■ Instructions to follow
Pictures aside, reproduce exactly and only the lines from the one containing "Praktische metalen flesopener" through the end of the records.

BEGIN

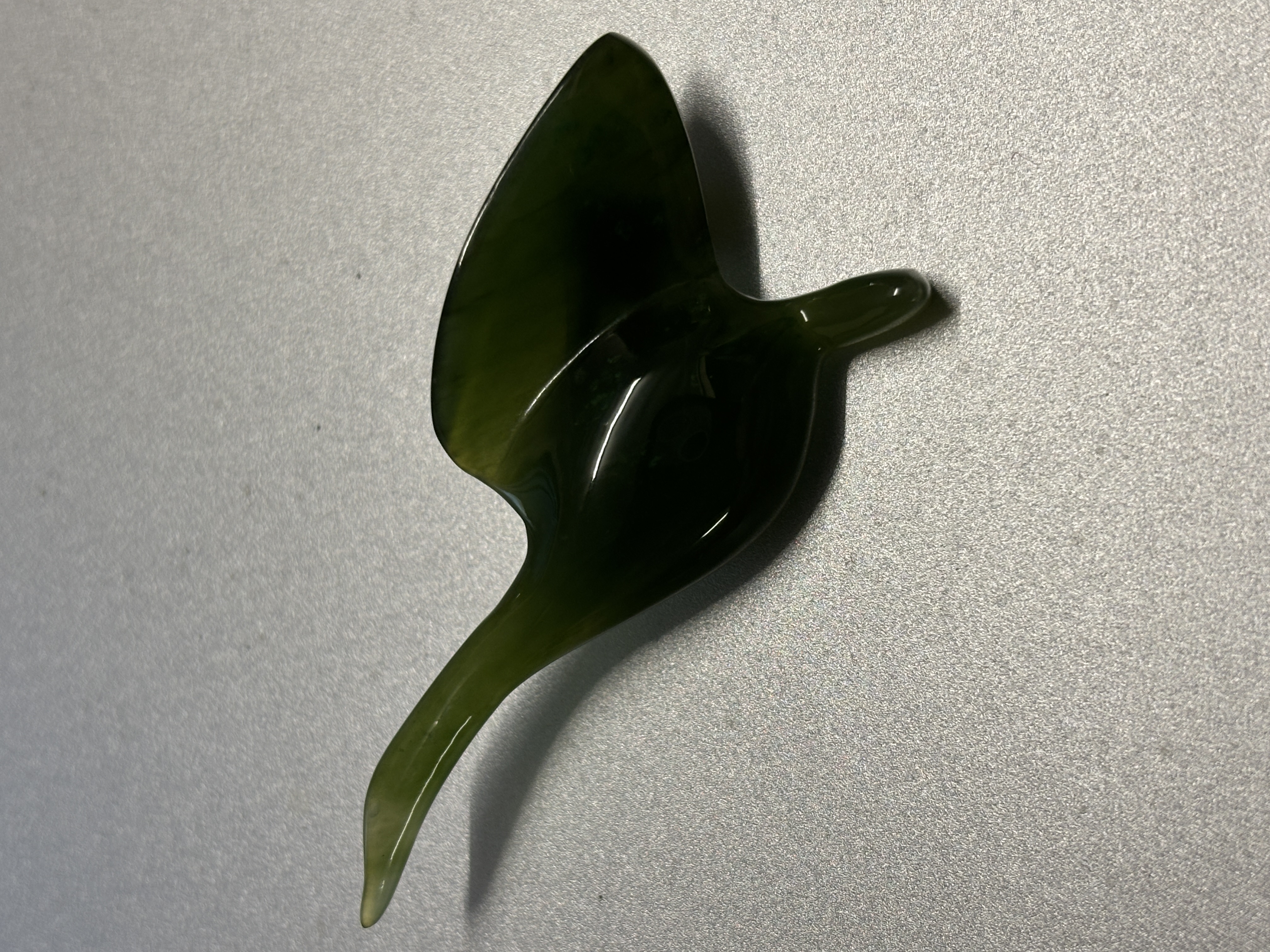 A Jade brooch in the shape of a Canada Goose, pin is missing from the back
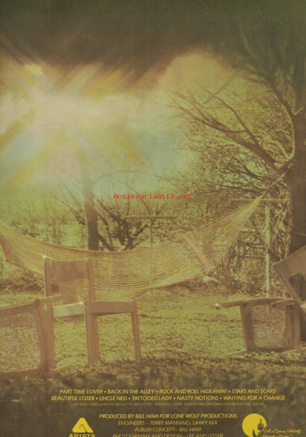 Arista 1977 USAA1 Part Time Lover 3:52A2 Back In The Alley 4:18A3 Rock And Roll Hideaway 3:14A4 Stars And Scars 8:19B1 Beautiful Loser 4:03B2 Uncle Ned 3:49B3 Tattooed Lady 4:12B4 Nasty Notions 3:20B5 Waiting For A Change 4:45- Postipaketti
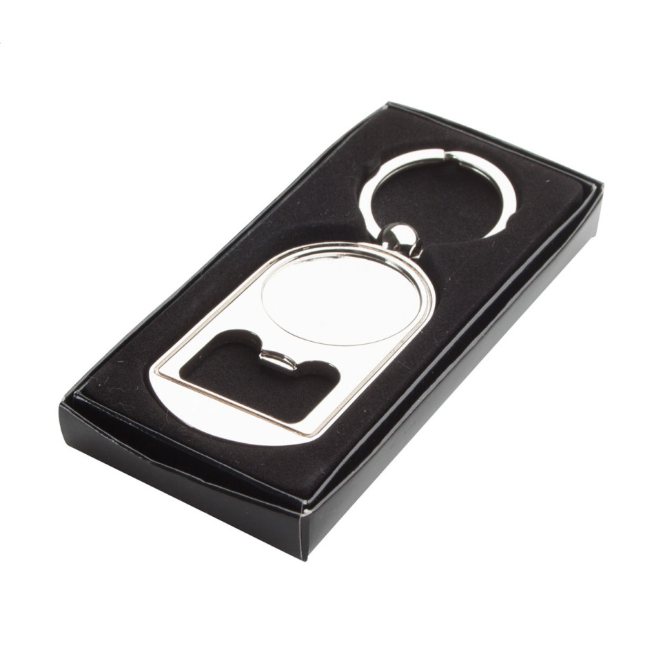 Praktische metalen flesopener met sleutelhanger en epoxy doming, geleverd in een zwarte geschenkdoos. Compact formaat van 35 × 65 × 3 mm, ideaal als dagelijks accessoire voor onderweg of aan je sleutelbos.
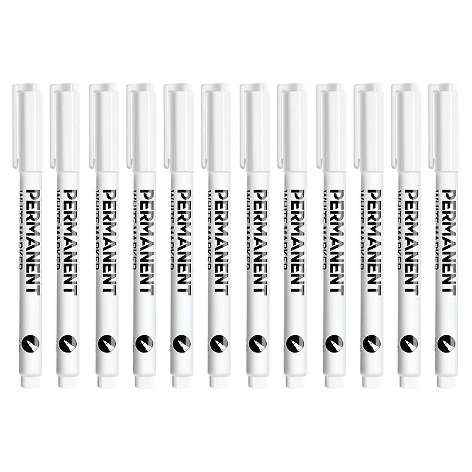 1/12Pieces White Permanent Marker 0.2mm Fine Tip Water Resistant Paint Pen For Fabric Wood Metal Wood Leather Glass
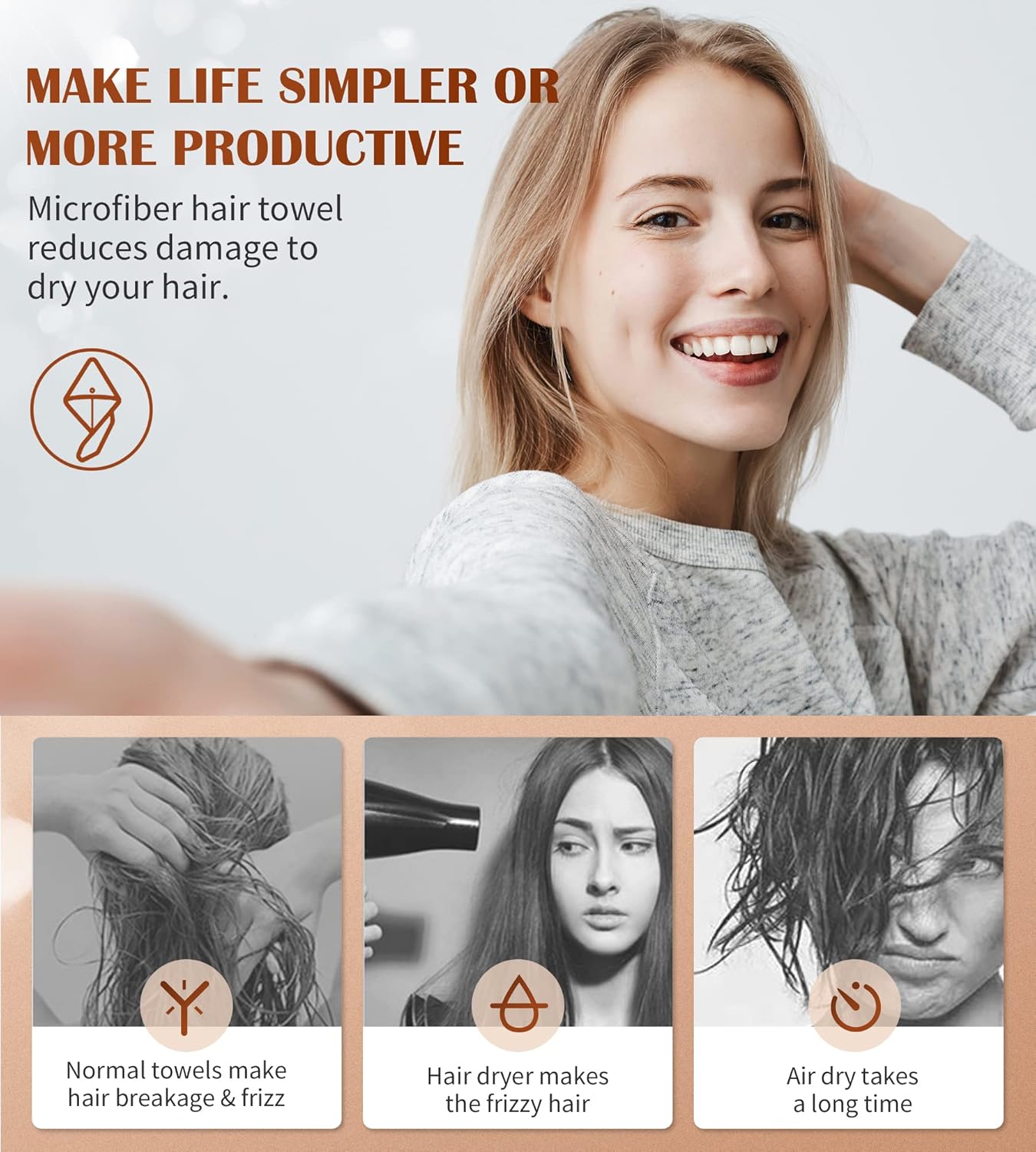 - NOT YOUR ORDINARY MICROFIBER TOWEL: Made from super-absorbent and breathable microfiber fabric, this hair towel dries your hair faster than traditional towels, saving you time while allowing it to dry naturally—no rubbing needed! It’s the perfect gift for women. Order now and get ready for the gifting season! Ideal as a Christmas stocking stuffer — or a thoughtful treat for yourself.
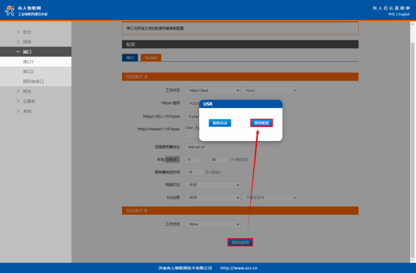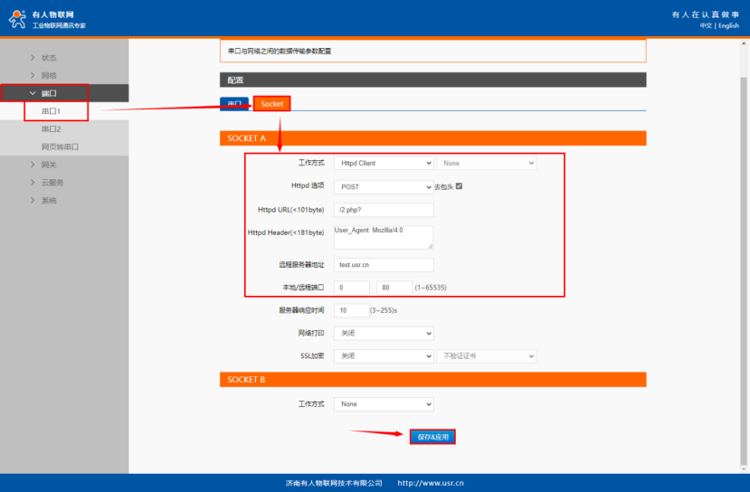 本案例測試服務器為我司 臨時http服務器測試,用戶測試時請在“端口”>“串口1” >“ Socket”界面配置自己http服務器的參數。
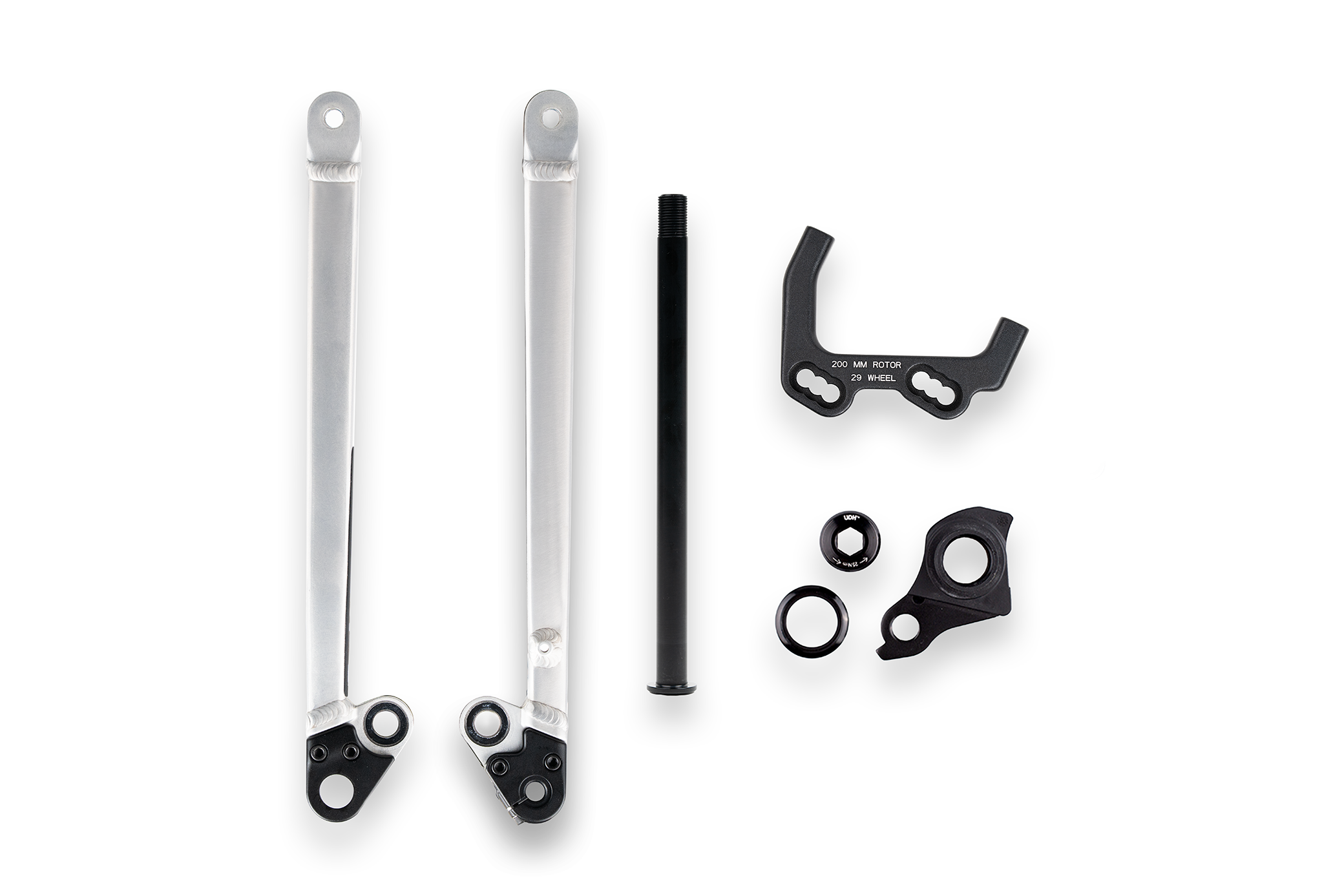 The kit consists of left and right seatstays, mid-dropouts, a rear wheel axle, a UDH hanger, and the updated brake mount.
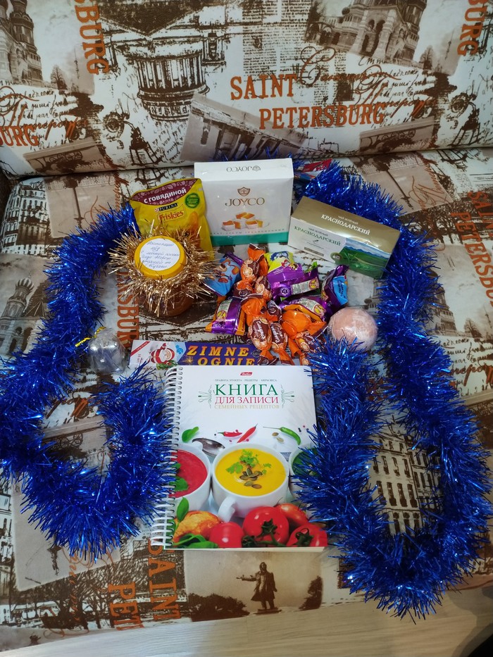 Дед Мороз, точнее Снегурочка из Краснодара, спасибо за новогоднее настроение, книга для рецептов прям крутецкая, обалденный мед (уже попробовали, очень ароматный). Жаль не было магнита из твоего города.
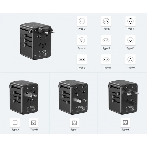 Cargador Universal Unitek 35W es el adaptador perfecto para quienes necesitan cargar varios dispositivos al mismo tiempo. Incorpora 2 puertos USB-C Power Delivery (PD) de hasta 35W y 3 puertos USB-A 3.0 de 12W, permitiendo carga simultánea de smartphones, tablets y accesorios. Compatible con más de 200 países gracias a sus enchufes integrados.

END

■ Response below
 Praktische metalen flesopener met sleutelhanger en epoxy doming, geleverd in een zwarte geschenkdoos. Compact formaat van 35 × 65 × 3 mm, ideaal als dagelijks accessoire voor onderweg of aan je sleutelbos.
 1/12Pieces White Permanent Marker 0.2mm Fine Tip Water Resistant Paint Pen For Fabric Wood Metal Wood Leather Glass
 - NOT YOUR ORDINARY MICROFIBER TOWEL: Made from super-absorbent and breathable microfiber fabric, this hair towel dries your hair faster than traditional towels, saving you time while allowing it to dry naturally—no rubbing needed! It’s the perfect gift for women. Order now and get ready for the gifting season! Ideal as a Christmas stocking stuffer — or a thoughtful treat for yourself.
 本案例測試服務器為我司 臨時http服務器測試,用戶測試時請在“端口”>“串口1” >“ Socket”界面配置自己http服務器的參數。
 The kit consists of left and right seatstays, mid-dropouts, a rear wheel axle, a UDH hanger, and the updated brake mount.
 Дед Мороз, точнее Снегурочка из Краснодара, спасибо за новогоднее настроение, книга для рецептов прям крутецкая, обалденный мед (уже попробовали, очень ароматный). Жаль не было магнита из твоего города.
 Cargador Universal Unitek 35W es el adaptador perfecto para quienes necesitan cargar varios dispositivos al mismo tiempo. Incorpora 2 puertos USB-C Power Delivery (PD) de hasta 35W y 3 puertos USB-A 3.0 de 12W, permitiendo carga simultánea de smartphones, tablets y accesorios. Compatible con más de 200 países gracias a sus enchufes integrados.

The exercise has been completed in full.